How have all the factors above been brought together to estimate a fair value?
  • The analysts have a consensus price target of CA$13.5 for Evertz Technologies based on their expectations of its future earnings growth, profit margins and other risk factors.
  • In order for you to agree with the analyst's consensus, you'd need to believe that by 2028, revenues will be CA$576.8 million, earnings will come to CA$60.9 million, and it would be trading on a PE ratio of 20.1x, assuming you use a discount rate of 6.6%.
  • Given the current share price of CA$10.64, the analyst price target of CA$13.5 is 21.2% higher. Despite analysts expecting the underlying buisness to decline, they seem to believe it's more valuable than what the market thinks.
  • We always encourage you to reach your own conclusions though. So sense check these analyst numbers against your own assumptions and expectations based on your understanding of the business and what you believe is probable.

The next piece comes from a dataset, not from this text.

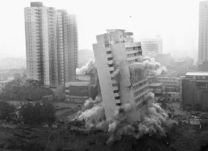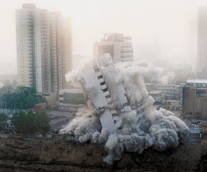5月31日报道 “5、4、3、2、1,起爆!”昨日5时30分,一声巨响划破天空,位于中山路与栗康街口的原市财政服务培训中心60米高的13层大楼,瞬间坍塌,化成一堆瓦砾。据悉,此次定向爆破采用定向北倒空中解体的方式,是迄今为止石市最大的楼宇爆破工程。至此,河北省及石市双重点项目 “勒泰中心”项目拉开全面建设的序幕。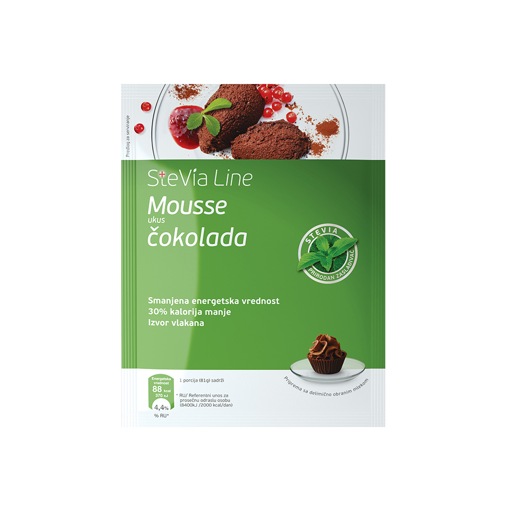 Kada nemate vremena za pripremu musa, a pritom želite laganu poslasticu bez šećera, pravi izbor je Stevia Line mus. Fina i čvrsta kremasta struktura sa ukusom čokolade predstavlja pravi užitak, naročito ako se služi rashlađen i u kombinaciji sa osvežavajućim voćem. Brzo se priprema, za 2-3 minuta.

How well do narratives help inform your perspective?

Disclaimer

Warren A.I. is a tool utilizing a Large Language Model (LLM) that ingests data on consensus price targets, forecasted revenue and earnings figures, as well as the transcripts of earnings calls to produce qualitative analysis. The narratives produced by Warren A.I. are general in nature and are based solely on analyst data and publicly-available material published by the respective companies. These scenarios are not indicative of the company's future performance and are exploratory in nature. Simply Wall St has no position in the company(s) mentioned. Simply Wall St may provide the securities issuer or related entities with website advertising services for a fee, on an arm's length basis. These relationships have no impact on the way we conduct our business, the content we host, or how our content is served to users. The price targets and estimates used are consensus data, and do not constitute a recommendation to buy or sell any stock, and they do not take account of your objectives, or your financial situation. Note that Warren A.I.'s analysis may not factor in the latest price-sensitive company announcements or qualitative material.